:: INSTRUCTIONS FOR THE TASK ::
Restate the listing below word for word, pictures excluded.

:: INFORMATION SHOWN ::

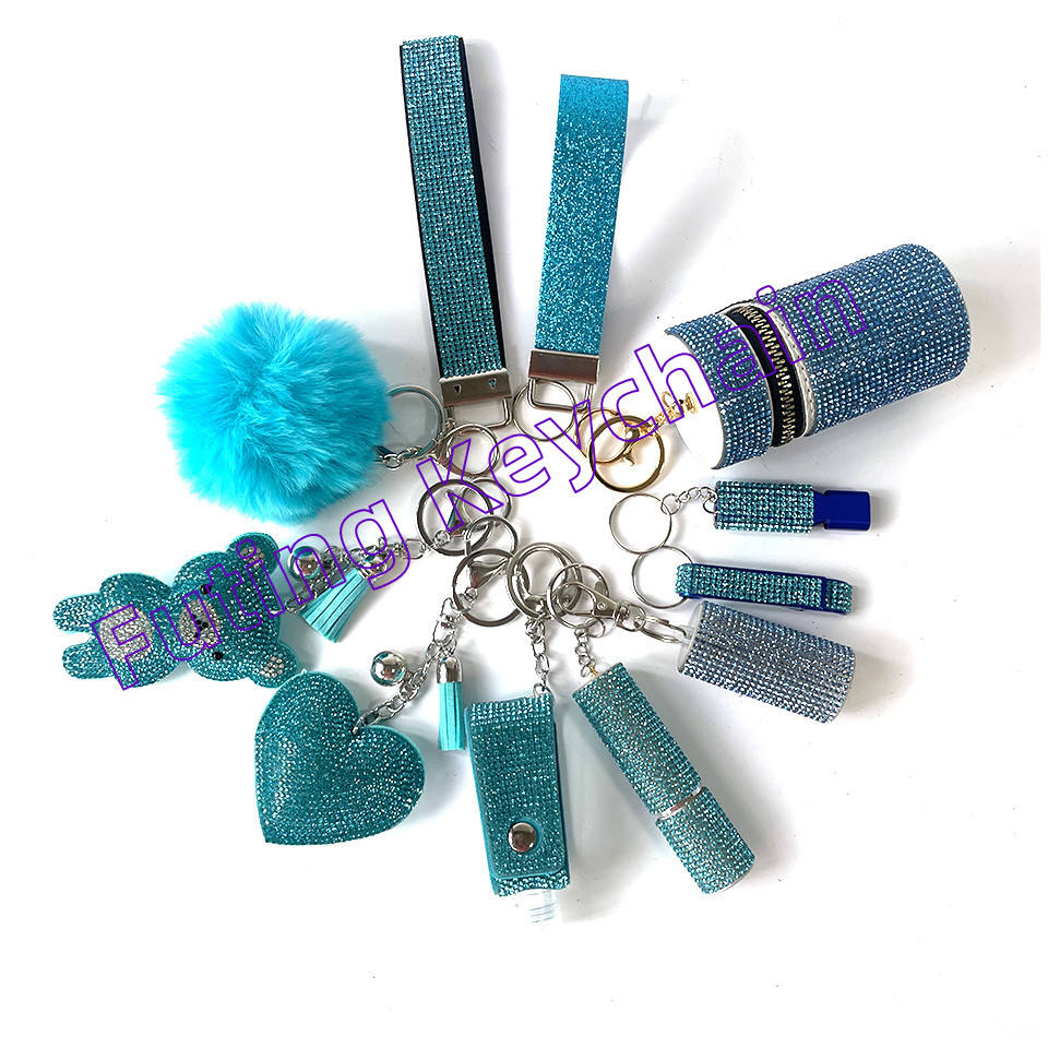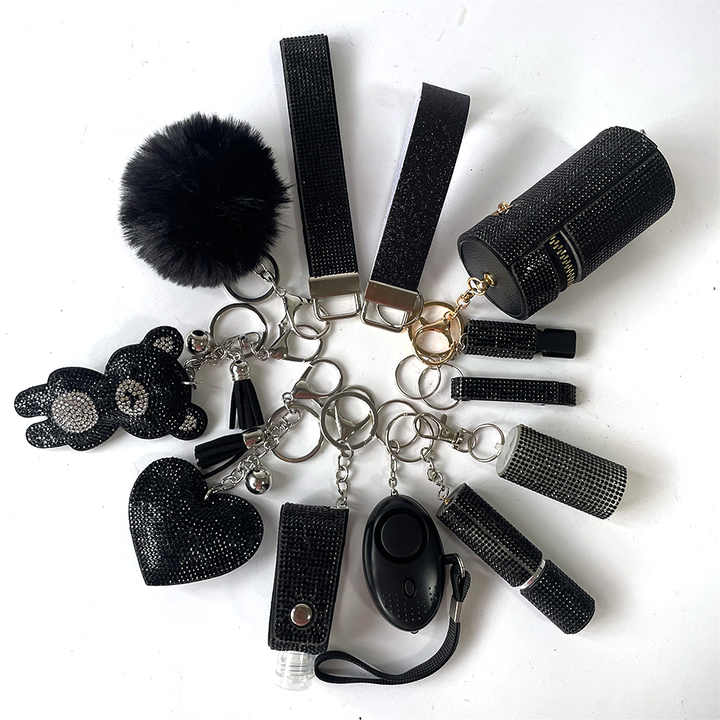 Set Portachiavi per Autodifesa da Donna con Strass Luccicanti, Kit di Strumenti per la Difesa Personale per Ragazze
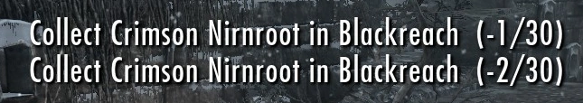 360 PS3 When crimson nirnroots are stored in containers or dropped, the game may subtract more or less from the quest counter than were actually lost. Picking them up individually fixes this issue.
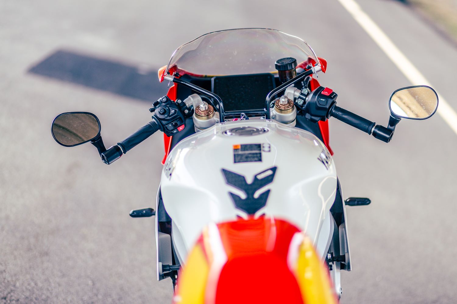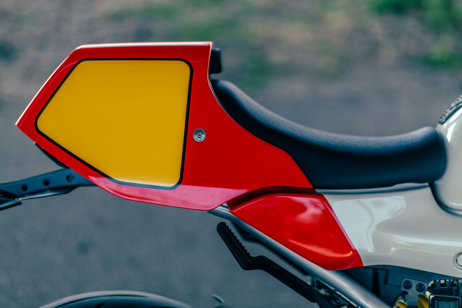 Do dizajnu motocykla je zakomponovaných množstvo retro doplnkov, ako napríklad závlačky držiace prednú masku kapotáže s pekne vykrojeným plexisklom, za ktoré sa dá zaľahnúť, rýchlospojky či odhalený Deltabox. A aby bolo všetko dotiahnuté do dokonalosti, má aj zadný kryt spolujazdcovho sedadla a polokapotáž. Ešte by za zmienku možno stála aj výmena výfukového systému.
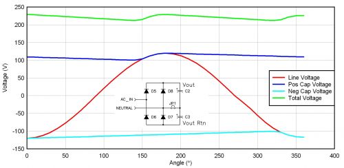 圖 2 描述了一種倍壓器整流配置結(jié)構(gòu),許多 115/230 VAC 應(yīng)用都使用了這種結(jié)構(gòu)。如果您有一個 230 VAC 應(yīng)用,則您的輸入級需要處理最大輸入電壓(265 VAC)乘以峰值因數(shù)這么大的電壓,其接近 400 伏。在與一個 115 VAC 輸入一起使用時,倍壓器將經(jīng)過整流的電壓,增壓至接近 230 VAC 輸入電平。我們可以專為 230 VAC 線壓設(shè)計一個電源,以此來減小電源工作的整流后電壓范圍。我們通常使用一個跳線或者開關(guān),來實現(xiàn)不同整流器配置之間的切換。這種方法的唯一缺點是偶爾出現(xiàn)人為倍增 230 VAC 輸入的情況,從而對電源造成嚴(yán)重破壞。圖 2 顯示了倍壓器電路的一些波形。電容之間不帶電。兩個整流器交替對每個電容施加輸入電壓。一個周期中,每個電容都被充電至峰值線壓,這樣它們每個都有一個線頻率紋波部分。由于電容為異相位充電,因此其和的紋波頻率為線頻率的兩倍。

:: TASK ANSWER ::
 Set Portachiavi per Autodifesa da Donna con Strass Luccicanti, Kit di Strumenti per la Difesa Personale per Ragazze
 360 PS3 When crimson nirnroots are stored in containers or dropped, the game may subtract more or less from the quest counter than were actually lost. Picking them up individually fixes this issue.
 Do dizajnu motocykla je zakomponovaných množstvo retro doplnkov, ako napríklad závlačky držiace prednú masku kapotáže s pekne vykrojeným plexisklom, za ktoré sa dá zaľahnúť, rýchlospojky či odhalený Deltabox. A aby bolo všetko dotiahnuté do dokonalosti, má aj zadný kryt spolujazdcovho sedadla a polokapotáž. Ešte by za zmienku možno stála aj výmena výfukového systému.
 圖 2 描述了一種倍壓器整流配置結(jié)構(gòu),許多 115/230 VAC 應(yīng)用都使用了這種結(jié)構(gòu)。如果您有一個 230 VAC 應(yīng)用,則您的輸入級需要處理最大輸入電壓(265 VAC)乘以峰值因數(shù)這么大的電壓,其接近 400 伏。在與一個 115 VAC 輸入一起使用時,倍壓器將經(jīng)過整流的電壓,增壓至接近 230 VAC 輸入電平。我們可以專為 230 VAC 線壓設(shè)計一個電源,以此來減小電源工作的整流后電壓范圍。我們通常使用一個跳線或者開關(guān),來實現(xiàn)不同整流器配置之間的切換。這種方法的唯一缺點是偶爾出現(xiàn)人為倍增 230 VAC 輸入的情況,從而對電源造成嚴(yán)重破壞。圖 2 顯示了倍壓器電路的一些波形。電容之間不帶電。兩個整流器交替對每個電容施加輸入電壓。一個周期中,每個電容都被充電至峰值線壓,這樣它們每個都有一個線頻率紋波部分。由于電容為異相位充電,因此其和的紋波頻率為線頻率的兩倍。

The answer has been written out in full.